札幌市教委教育長道都市教委連会長長谷川雅英
札幌市教委・長谷川雅英教育長

 札幌市教委は8日、令和3年度教育方針説明会を書面開催した。市立幼稚園、学校の園長・校長などに対して通知を発出。長谷川雅英教育長と檜田英樹教育次長のあいさつを動画で配信したほか、各部の所管事項の説明資料を配布した。長谷川教育長は、学校職員の不祥事防止を強調するとともに、働き方改革について、経営的なものの見方、考え方を大切にするよう求めた。

 長谷川教育長および檜田教育次長のあいさつ概要はつぎのとおり。

【長谷川教育長】

▼学校職員の不祥事

 ことしに入ってから、酒気帯び運転や覚せい剤の所持、そして生徒に対するわいせつ行為など、不祥事が相次いで起こっている。まさに、札幌市の教育に対する信頼が危機に瀕している。日々、子どもたちや保護者、地域と身近に接している園長や校長においては、さらに強い危機感をもっていることと思う。

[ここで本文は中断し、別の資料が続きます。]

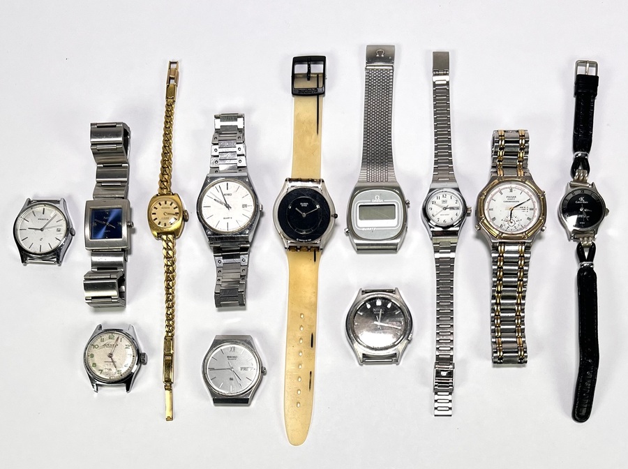 Verzameling van diverse dames -en herenpolshorloges en horlogekasten, vervaardigd uit metaal en kunststof met zowel quartz als mechanische uurwerken. De kavel bevat uiteenlopende modellen, waaronder exemplaren met stalen schakelbanden en lederen riemen in verschillende kleurstellingen. Daterend uit de late 20e eeuw en een Europese herkomst.

 失った信頼の回復に向けて、市教委と学校が一丸となり、何としてもこの危機を乗り越えていかなければならない。

 「自分たちの職場から不祥事を起こす職員を絶対に出さない」という強い気持ちをもっていると思うが、何をしていかなくてはならないのか、何が足りなかったのか一緒に考え、行動していこう。

▼働き方改革の推進

 市教委において、6月に学校における働き方改革に向けた指針を策定し、業務改善の方向性を示した。

 その後、市教委内に私の直轄のプロジェクトとして「教育課程」「業務効率」「学校施設」の3つのワーキンググループを編成。具体的な検討を行うなど、長時間勤務解消に向けた取組を進めてきた。

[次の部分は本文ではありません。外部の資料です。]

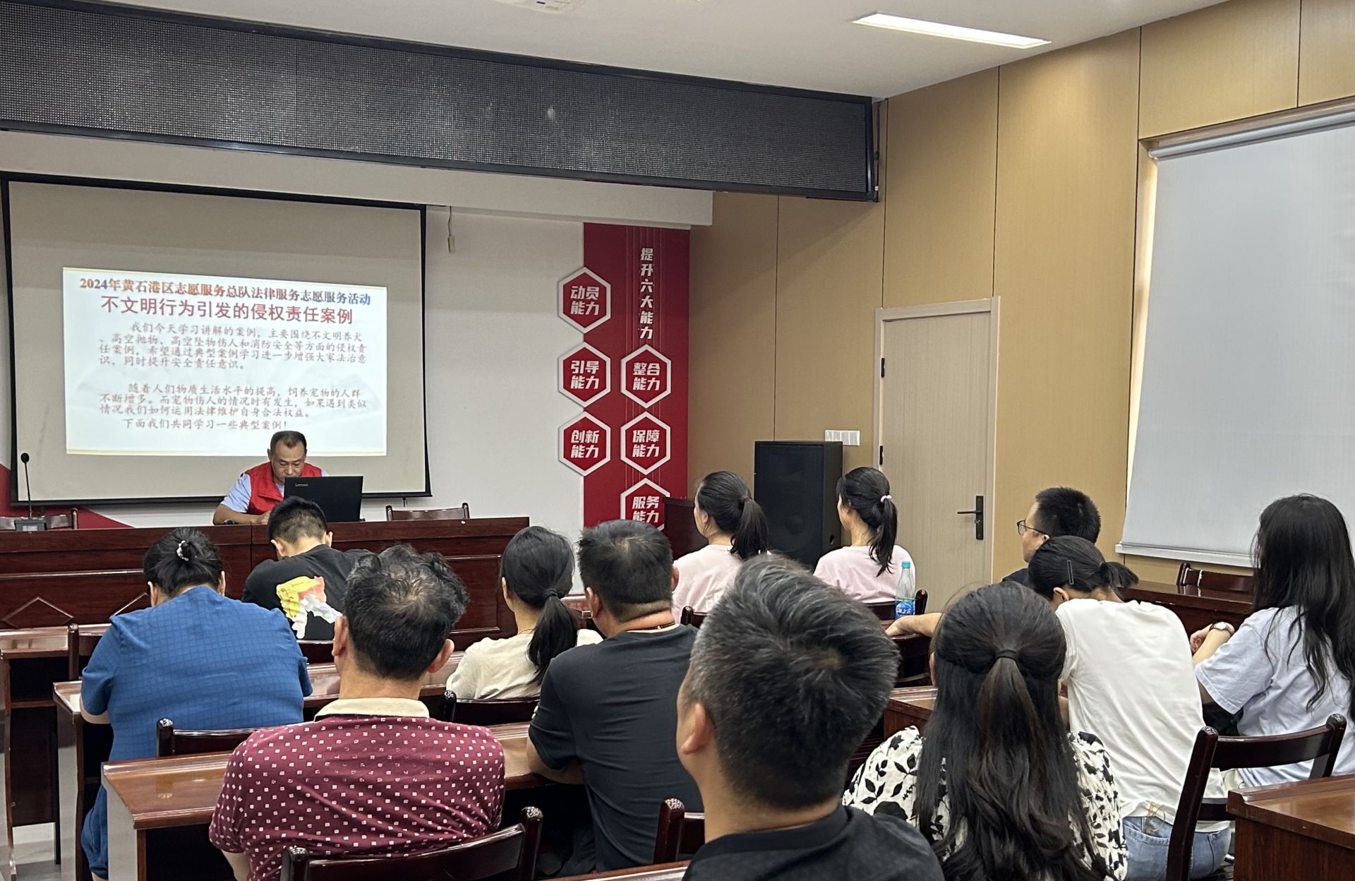 此次活動(dòng),志愿者以文明行為為切口,圍繞宣傳《黃石市文明行為促進(jìn)條例》、不文明行為引發(fā)的侵權(quán)責(zé)任案例、民法典關(guān)于侵權(quán)責(zé)任相關(guān)法律條款等三個(gè)方面進(jìn)行解讀。

 リモートアクセスサービスの試行導入や、冬季休校日の実施、表彰制度の創設など、着手できることから順次、スピード感をもって取組を進めている。

 各学校においても、昨年6月の指針や、12月に教育課程担当課から発出している通知などを参考に、様々な工夫を凝らしながら、既存の枠にとらわれることのない幅広い検討をお願いしている。

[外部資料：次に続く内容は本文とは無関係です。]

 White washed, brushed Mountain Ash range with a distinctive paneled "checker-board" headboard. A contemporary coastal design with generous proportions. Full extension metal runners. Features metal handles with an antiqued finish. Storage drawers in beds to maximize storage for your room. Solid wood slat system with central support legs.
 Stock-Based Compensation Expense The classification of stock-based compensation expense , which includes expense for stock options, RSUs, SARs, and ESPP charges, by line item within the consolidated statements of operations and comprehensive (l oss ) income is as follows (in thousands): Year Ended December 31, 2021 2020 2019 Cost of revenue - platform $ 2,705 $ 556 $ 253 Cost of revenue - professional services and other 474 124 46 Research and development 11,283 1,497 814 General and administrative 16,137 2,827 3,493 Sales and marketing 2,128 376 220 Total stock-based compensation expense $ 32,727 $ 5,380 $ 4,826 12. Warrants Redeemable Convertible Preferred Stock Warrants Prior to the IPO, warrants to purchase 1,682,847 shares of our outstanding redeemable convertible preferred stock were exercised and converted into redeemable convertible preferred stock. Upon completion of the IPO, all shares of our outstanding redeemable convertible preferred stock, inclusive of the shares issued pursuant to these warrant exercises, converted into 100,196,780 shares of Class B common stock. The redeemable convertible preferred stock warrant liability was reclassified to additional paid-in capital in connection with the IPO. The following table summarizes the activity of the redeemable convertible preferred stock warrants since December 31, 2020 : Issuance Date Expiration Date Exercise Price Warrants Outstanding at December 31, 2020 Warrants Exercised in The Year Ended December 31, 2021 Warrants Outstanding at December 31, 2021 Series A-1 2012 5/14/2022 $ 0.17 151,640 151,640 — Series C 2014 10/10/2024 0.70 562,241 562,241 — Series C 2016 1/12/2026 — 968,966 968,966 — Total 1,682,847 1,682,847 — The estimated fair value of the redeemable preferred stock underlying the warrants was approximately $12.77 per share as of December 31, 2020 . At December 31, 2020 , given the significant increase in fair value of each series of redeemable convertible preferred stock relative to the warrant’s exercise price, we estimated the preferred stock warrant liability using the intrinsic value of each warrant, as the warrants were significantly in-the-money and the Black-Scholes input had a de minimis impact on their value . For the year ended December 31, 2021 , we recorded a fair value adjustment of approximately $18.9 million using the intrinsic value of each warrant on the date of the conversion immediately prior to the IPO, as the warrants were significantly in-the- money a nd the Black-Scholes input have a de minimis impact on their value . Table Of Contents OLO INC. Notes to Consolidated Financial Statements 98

 何よりも重要なのは、皆さんをはじめ、教職員の意識改革。私も含め、昔は、夜遅くまで仕事することが当たり前といった、そんな風潮がそこかしこにあったように思う。そのような意識が、まだ我々の頭のどこかに残っているかもしれない。まずは、そこを含めて改めなくてはならない。市教委と学校が、本気になって変えていかなくてはならないと思っている。

 そしてもう一つ、経営的なものの見方、考え方を大切にしてほしいということ。皆さんは、教育者であると同時に、学校という組織の経営者でもある。

 イエローハットの鍵山秀三郎さんの「凡事徹底」、経営の神様と言われるドラッガーや、人を生かす組織づくりのデール・カーネギー、改善のために「なぜ」を5回繰り返すトヨタ生産方式などについて、いろいろと申し上げてきた。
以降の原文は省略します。